» **Goal of the exercise**:
Please print nothing but the lines from the one containing "Diese Topflappen sind" to the final line below, exactly, and no pictures.

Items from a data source
[Start of section]
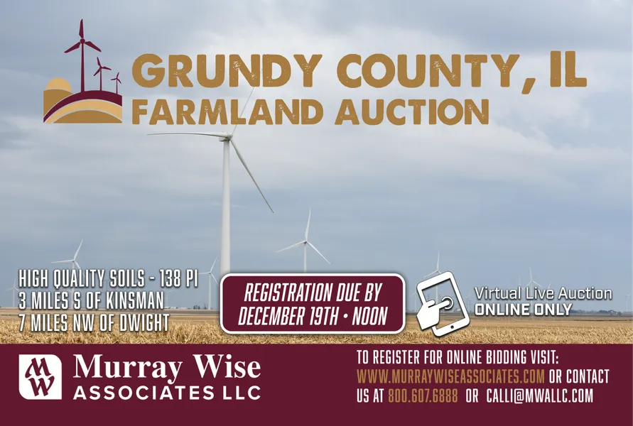 All bidders are required to register on Murray Wise Associates website on or before Noon CST on Monday, December 19, 2022. Once the online registration form is filled out it will be automatically sent to Murray Wise Associates for approval to allow bidding. Auction company may request a letter of recommendation from prospective bidders financial institution stating funds are available for the 10% deposit and that bidder has the financial capacity for final purchase.
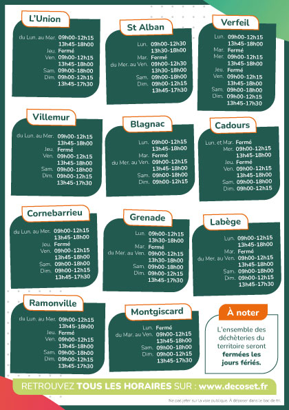Cliquez ici pour télécharger le PDF avec les nouveaux horaires de toutes les déchèteries Decoset.
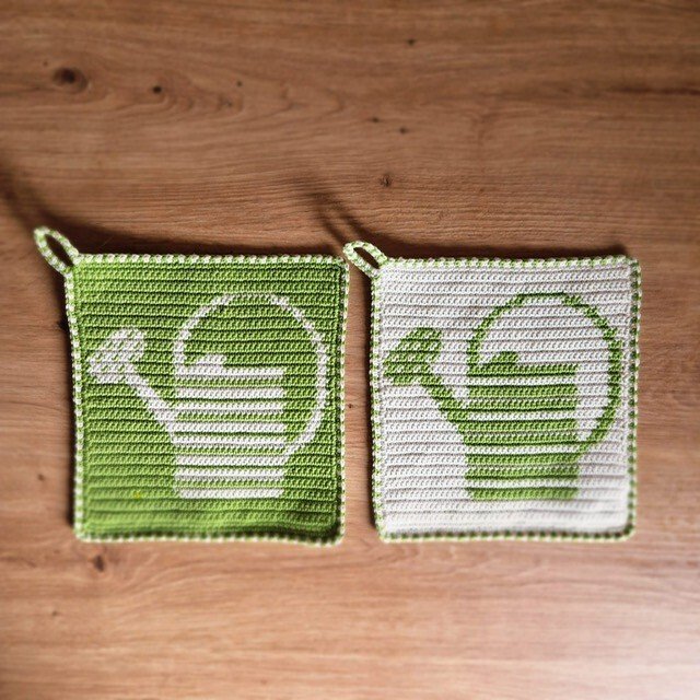 Diese Topflappen sind der Klassiker unter den gehäkelten Topflappen. Sie schützen die Hände nicht nur vor z.B. zu heißen Topfgriffen, sondern sie verschönern auch jede Küche. Gleichzeitig können sie auch als Untersetzer verwendet werden.
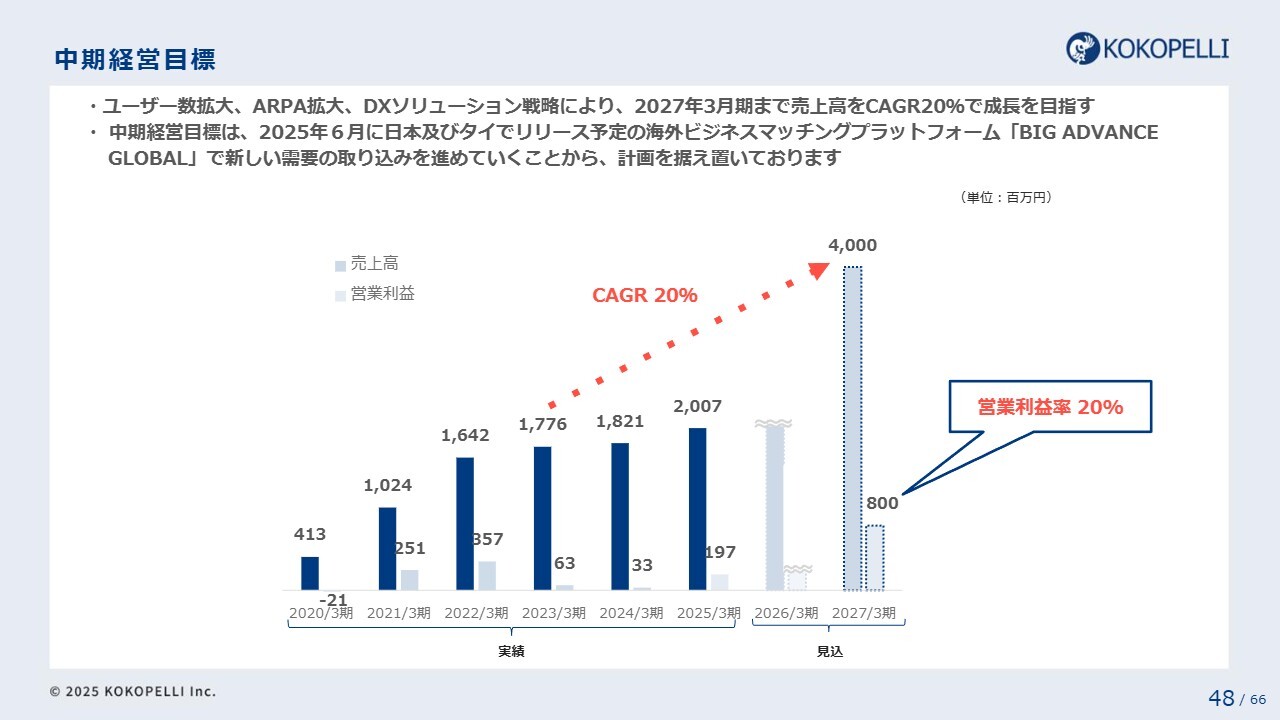 売上高としては40億円、営業利益率20パーセントの8億円を目指しています。足元では非連続的な成長が求められるため難しい数字ではありますが、先ほどの「BIG ADVANCE GLOBAL」の運用やM&Aも視野に入れながら、しっかりとこの数字を実現していきたいと考えています。
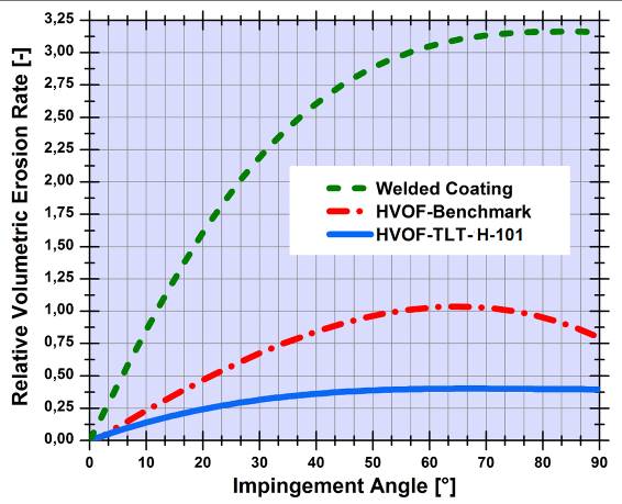 The inferior erosion rate of a welded coating (especially at steep angles like 50-90°) only partly can be compensated by higher coating thickness. A typical welded coating thickness lies at 3-4mm, an HVOF coating often at 0.5mm.
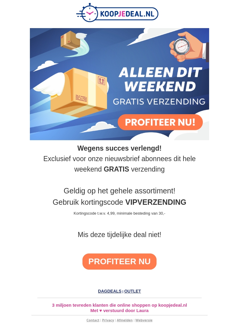 Dit weekend biedt Koopjedeal.nl exclusief gratis verzending voor abonnees van onze nieuwsbrief. Gebruik de kortingscode VIPVERZENDING en ontdek ons volledige assortiment. Mis deze kans niet om te besparen op uw favoriete producten. Geldig tot aanstaande zondag, met een minimale besteding van β¬30.
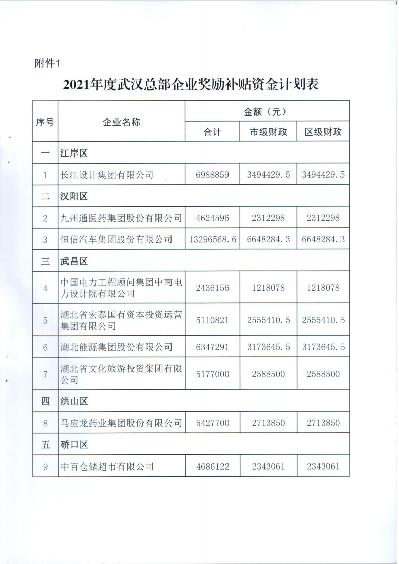 市發(fā)展改革委關于下達2021年度武漢總部企業(yè)獎勵補貼資金計劃的通知
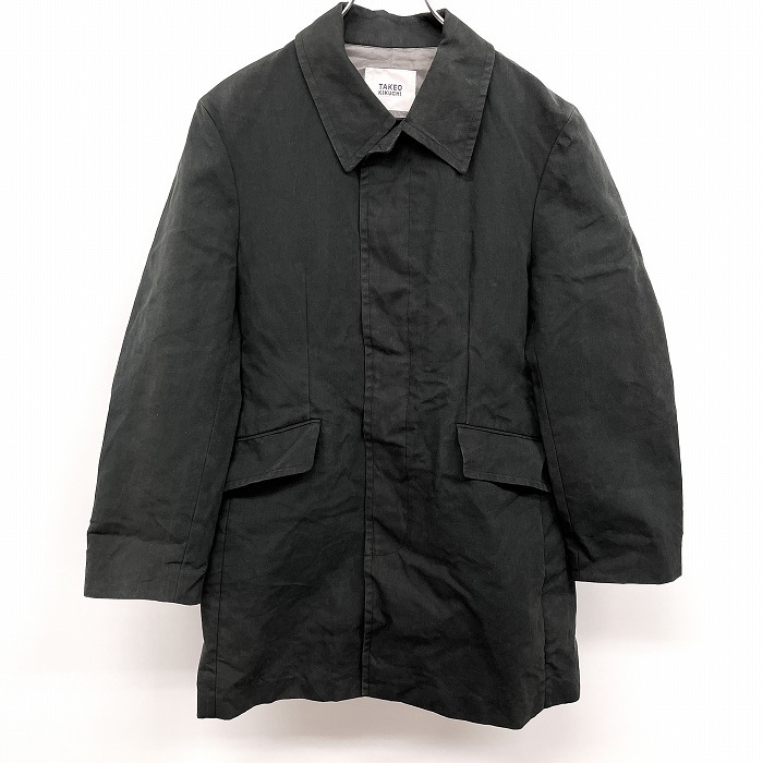 商品タイトル | TAKEO KIKUCHI タケオキクチ 2 メンズ ステンカラーコート 背抜き裏地 ボタン留め 無地 ボンディング加工 長袖 綿100% コットン ブラック系 |
[End of section]
» **Task result**:
 Diese Topflappen sind der Klassiker unter den gehäkelten Topflappen. Sie schützen die Hände nicht nur vor z.B. zu heißen Topfgriffen, sondern sie verschönern auch jede Küche. Gleichzeitig können sie auch als Untersetzer verwendet werden.
 売上高としては40億円、営業利益率20パーセントの8億円を目指しています。足元では非連続的な成長が求められるため難しい数字ではありますが、先ほどの「BIG ADVANCE GLOBAL」の運用やM&Aも視野に入れながら、しっかりとこの数字を実現していきたいと考えています。
 The inferior erosion rate of a welded coating (especially at steep angles like 50-90°) only partly can be compensated by higher coating thickness. A typical welded coating thickness lies at 3-4mm, an HVOF coating often at 0.5mm.
 Dit weekend biedt Koopjedeal.nl exclusief gratis verzending voor abonnees van onze nieuwsbrief. Gebruik de kortingscode VIPVERZENDING en ontdek ons volledige assortiment. Mis deze kans niet om te besparen op uw favoriete producten. Geldig tot aanstaande zondag, met een minimale besteding van β¬30.
 市發(fā)展改革委關于下達2021年度武漢總部企業(yè)獎勵補貼資金計劃的通知
 商品タイトル | TAKEO KIKUCHI タケオキクチ 2 メンズ ステンカラーコート 背抜き裏地 ボタン留め 無地 ボンディング加工 長袖 綿100% コットン ブラック系 |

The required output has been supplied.